> [Exercise details] Your task is to reproduce the listing exactly, without its images.

> [Input data]
________________________________________
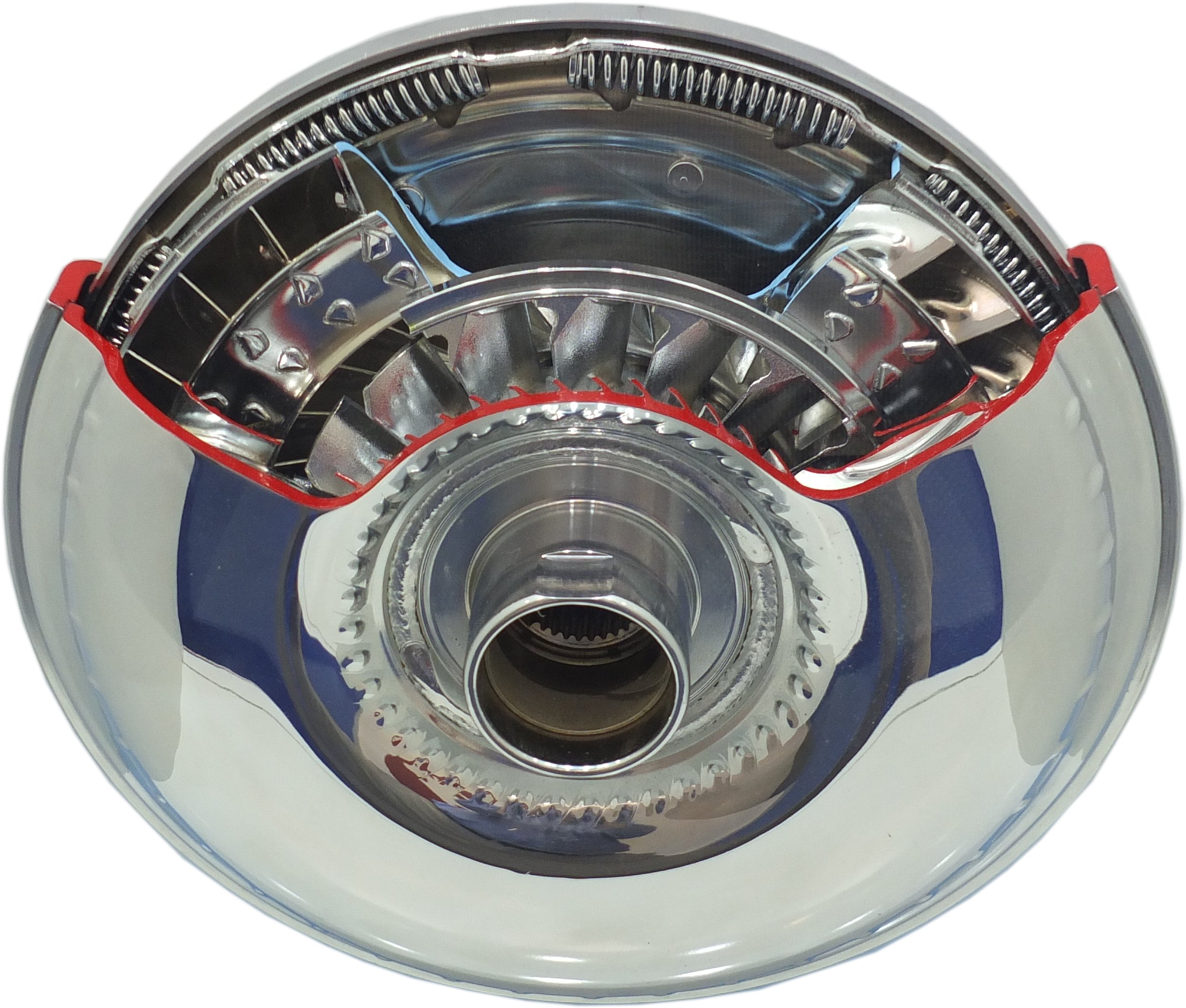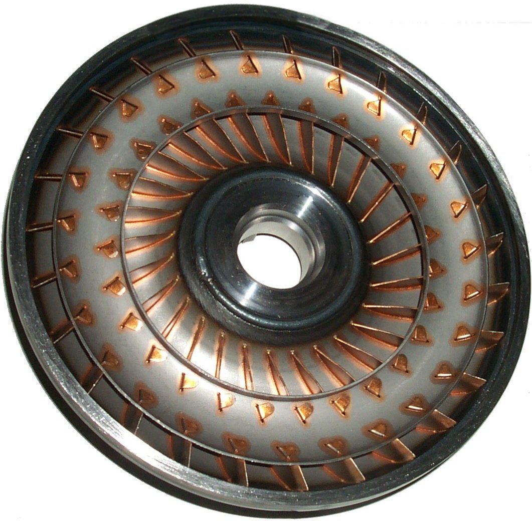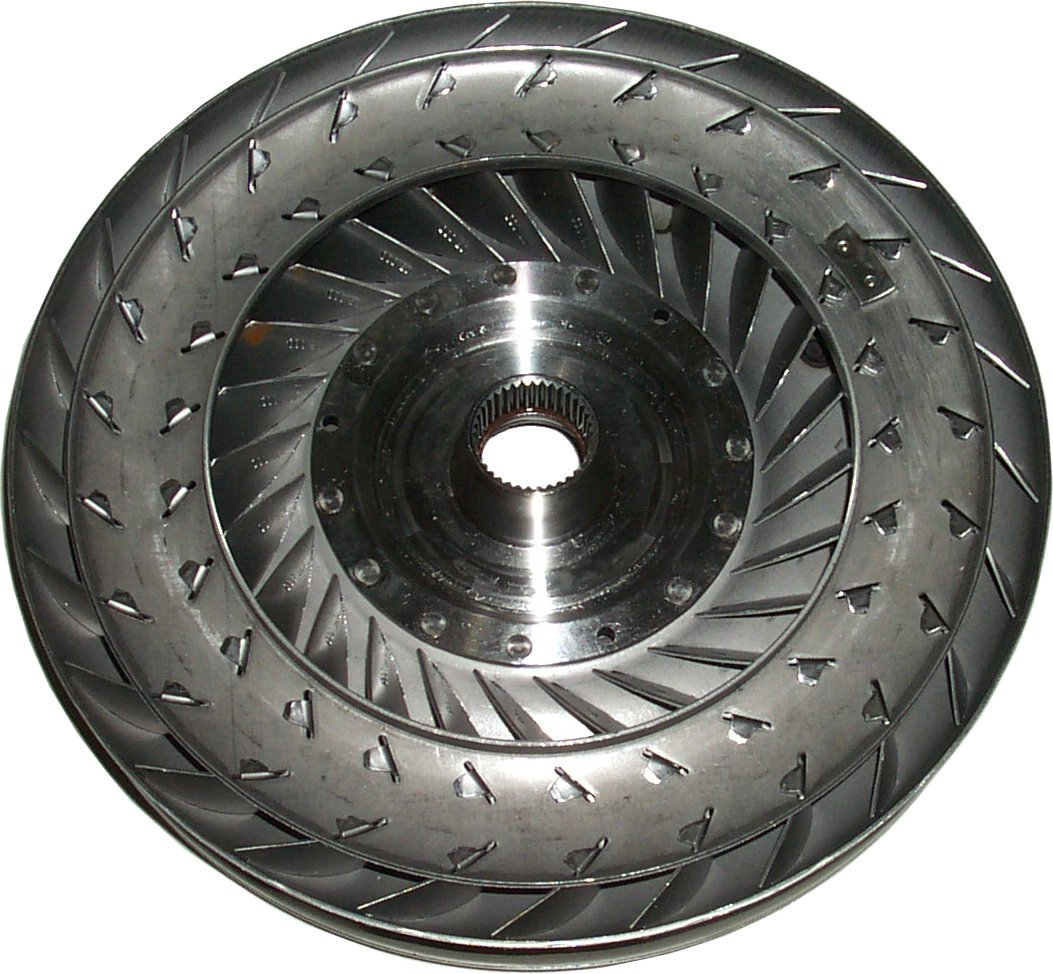 Schauen Sie sich das Turbinenrad ohne Leitrad an. Es wird so angetrieben, dass es gegen den Uhrzeigersinn dreht. Das vom Pumpenrad kommende Öl verschwindet also in den Taschen am äußeren Rand.
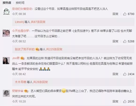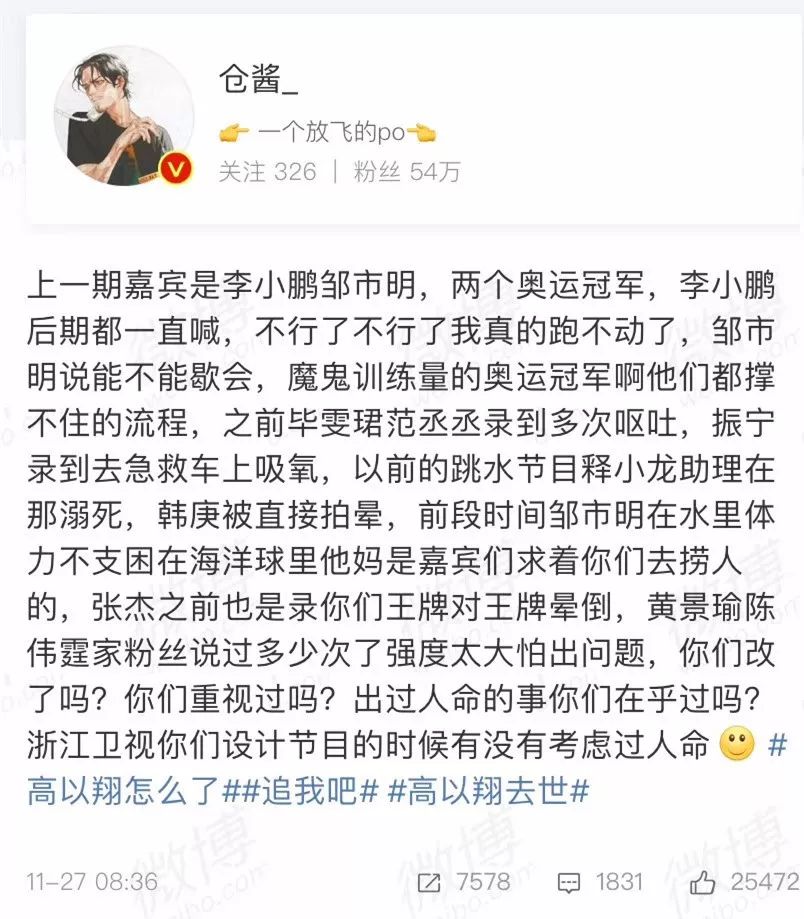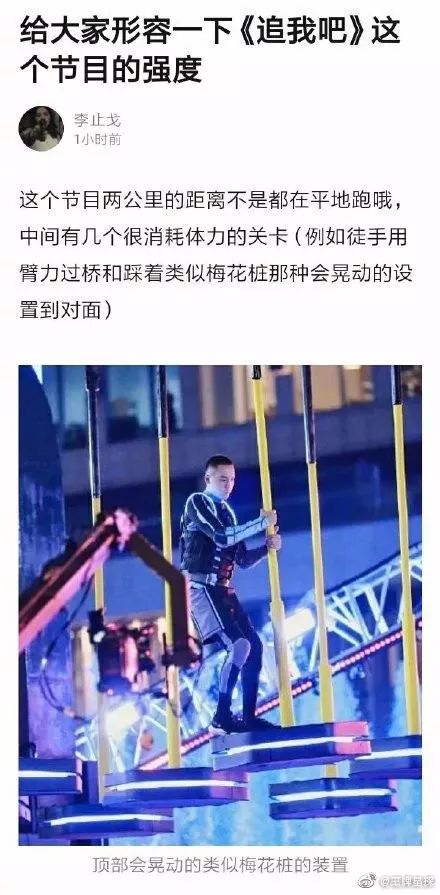 据悉,高以翔录制该节目非常疲劳,从26号早上8:30一直录到出事的27号凌晨1:30左右,连续工作时长高达17小时。这个强度别说是明星,放任何人身上可能也吃不消。有大V爆料:上一期嘉宾是李小鹏邹市明,两个奥运冠军,李小鹏后期都一直喊,不行了不行了我真的跑不动了,邹市明说能不能歇会,魔鬼训练量的奥运冠军啊他们都撑不住的流程,之前毕雯珺范丞丞录到多次呕吐,李振宁录到去急救车上吸氧,以前的跳水节目释小龙助理在那溺死,韩庚被直接拍晕。前段时间邹市明在水里体力不支困在海洋球里是嘉宾们求着你们去捞人的,黄景瑜陈伟霆家粉丝说过多少次了强度太大怕出问题,你们改了吗?你们重视过吗?出过人命的事你们在乎过吗?《追我吧》节目难度和强度也上了热搜榜首,很多大V都感觉对该节目的强度有很大争议:
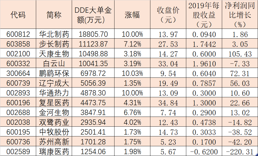 部分市場主流資金紛紛涌入疫苗概念股搶籌。6月17日,板塊內共有27只概念股呈現大單資金凈流入態勢,華北制藥、步長制藥、天康生物、白云山等4只概念股當日均受到1億元以上大單資金布局,鵬鷂環保、遼寧成大、華通熱力、復星醫藥、金河生物、雙鷺藥業、中牧股份、蘇州高新、瑞康醫藥等9只概念股大單資金凈流入也均逾1000萬元,這13只概念股合計吸金8.41億元。
________________________________________
> [Written solution]
 Schauen Sie sich das Turbinenrad ohne Leitrad an. Es wird so angetrieben, dass es gegen den Uhrzeigersinn dreht. Das vom Pumpenrad kommende Öl verschwindet also in den Taschen am äußeren Rand.
 据悉,高以翔录制该节目非常疲劳,从26号早上8:30一直录到出事的27号凌晨1:30左右,连续工作时长高达17小时。这个强度别说是明星,放任何人身上可能也吃不消。有大V爆料:上一期嘉宾是李小鹏邹市明,两个奥运冠军,李小鹏后期都一直喊,不行了不行了我真的跑不动了,邹市明说能不能歇会,魔鬼训练量的奥运冠军啊他们都撑不住的流程,之前毕雯珺范丞丞录到多次呕吐,李振宁录到去急救车上吸氧,以前的跳水节目释小龙助理在那溺死,韩庚被直接拍晕。前段时间邹市明在水里体力不支困在海洋球里是嘉宾们求着你们去捞人的,黄景瑜陈伟霆家粉丝说过多少次了强度太大怕出问题,你们改了吗?你们重视过吗?出过人命的事你们在乎过吗?《追我吧》节目难度和强度也上了热搜榜首,很多大V都感觉对该节目的强度有很大争议:
 部分市場主流資金紛紛涌入疫苗概念股搶籌。6月17日,板塊內共有27只概念股呈現大單資金凈流入態勢,華北制藥、步長制藥、天康生物、白云山等4只概念股當日均受到1億元以上大單資金布局,鵬鷂環保、遼寧成大、華通熱力、復星醫藥、金河生物、雙鷺藥業、中牧股份、蘇州高新、瑞康醫藥等9只概念股大單資金凈流入也均逾1000萬元,這13只概念股合計吸金8.41億元。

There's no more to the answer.